Thursday, April 15, 2010

AMERICA

January 17, 1956. $2.27. What’s the reference? I’m baffled, and so are a lot of other folks. No one seems to know what the reference is to in Ginsberg’s “America”. What I can tell you about “America”? It is the written in the voice of an angry person - a person questioning America on its character, morals and beliefs and how they differ from that of the speaker. America when… when… when… when will you take a good look at yourself from a place of equality of being one with the rest of the world! I think the speaker is a revolutionary because he refers to Trotskyies and communist cell meetings.

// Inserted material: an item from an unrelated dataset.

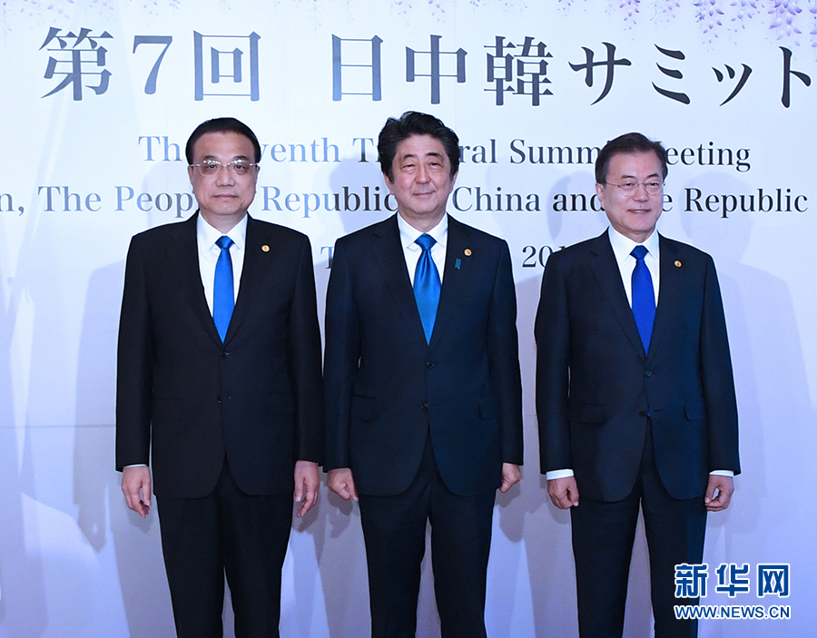 當?shù)貢r間5月9日上午,國務院總理李克強在東京迎賓館同日本首相安倍晉三、韓國總統(tǒng)文在寅共同出席第七次中日韓領導人會議。 新華社記者饒愛民 攝

Communist cell meetings may refer to Ginsberg’s counter-cultural upbringing by his mother. He talks about not reading the newspaper, yet is obsessed with Time magazine. Could that refer to Time’s critique of “Howl” as a profane tirade that railed against a conformist society? I think so. I say Hooray to Ginsberg for following his own soul, not conforming to what the papers might call the American norm. I must say I’m sorry that I am just a little bit too young to remember the “Beat Movement”.

1 comment:

  1. Wel, yes, we both unfortunately just missed it... in any case, you're on target about the goal/intention/impact of the poem. The exact references aren't as crucial. 1956, of course, situates the voice of the poem--the date of inscription; $2.27? Someone without a pot to ___ in, from the POV of mainstream Am. As in Howl, though perhaps not quite as blackly humorous, this is a call of urgency from the other/underside of conventional cutlture; we can also see the speaker as representing the distorting, dis-easing impact of that culture on anyone with sense/sensitivity, anyone who diverges from the norm...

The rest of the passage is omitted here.